И разорвал одежды свои.
И не было от этого никому никакого прока.
Незаметно ни для кого вернувшийся Янкель увез семью в первых числах августа. Анеле — все в том же разорванном на груди, враз постаревшем платье, которое можно будет нарочно неровно, уродливо зашить только спустя тридцать дней после похорон, накрепко обняла Марусю, Валю, прикоснулась губами ко лбу зареванной Элечки. Оцепеневший от горя Исаак прижимал к груди подаренную Линдтом готовальню — царский подарок, всю роскошь которого он смог оценить только в военном училище, много, много лет спустя.

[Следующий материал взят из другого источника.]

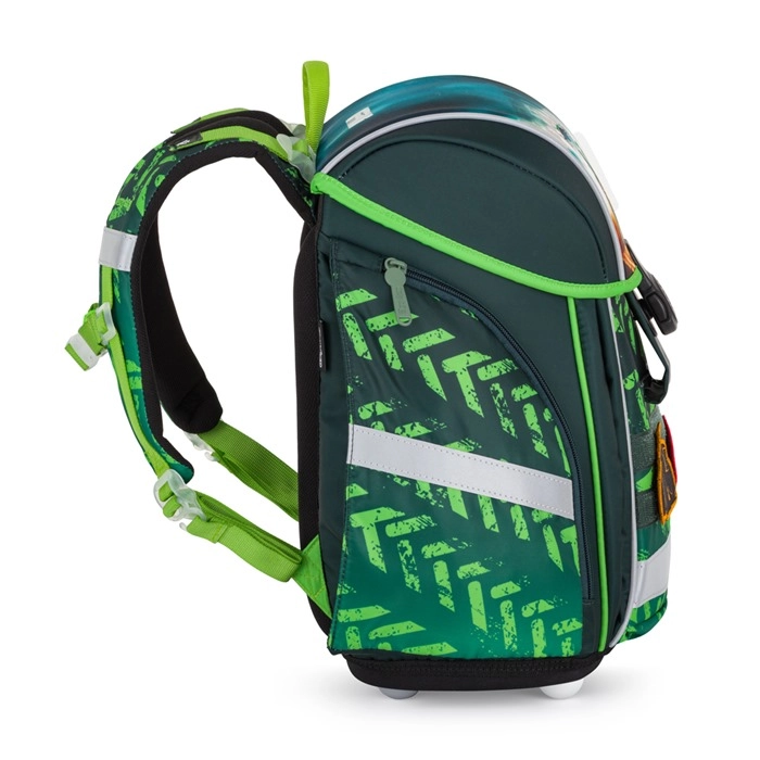 Per un trasporto sicuro e stabile, lo zaino è dotato di cinturino pettorale e cinghie di richiamo del carico, oltre a ganci aggiuntivi per un facile fissaggio. Gli elementi riflettenti migliorano la visibilità del bambino al crepuscolo e al buio. La chiusura magnetica consente un’apertura rapida e semplice, mentre il divisorio interno e le numerose tasche mantengono libri, quaderni e piccoli oggetti ben al loro posto.

— Ты только пиши, Анеле, и ты, Исочка, ради бога, только пишите, — просила Маруся, давясь сухими, мучительными слезами, — и Анеле писала, до самой своей смерти в 1975 году, длинные, обстоятельные, полные невероятных грамматических ошибок письма, которые почтальон до сорок девятого года аккуратно, раз в месяц, приносил к Чалдоновым домой, а потом стал приносить домой к Линдту, и он — так же аккуратно — носил их на кладбище и, не распечатывая, клал у серого каменного Марусиного креста, в крылатой тени которого уютно примостился и нелепый, непохожий бюст Чалдонова, и могильная плита маленького Славика.
Письма никто не трогал, даже кладбищенские нищие, простодушно собиравшие у чужих могил поминальные пряники и конфеты — отличная, между прочим, закусь, и опять же не грех, а за помин души, поэтому послания Анеле сперва постепенно желтели, потом, напоенные энскими дождями и энским же снегом, разбухали, истаивали, превращаясь в землю, в прах, возвращающийся к праху, и сквозь прах этот прорастала трава, на которую ложились новые письма, и разговор все не прекращался, тихая неслышная беседа двух женщин, из которых одна почти всю жизнь промолчала, а другая — давным-давно умерла.
Через неделю после того, как Янкель увез семью, Вале пришла похоронка — даже не похоронка, так — извещение, мол, без вести пропал ваш Михаил Туляев, героически освобождая чего-то там, — Валя промахнула глазами, но не запомнила, не поняла, передала листок Марусе. Та ахнула, испуганно зажала рот руками.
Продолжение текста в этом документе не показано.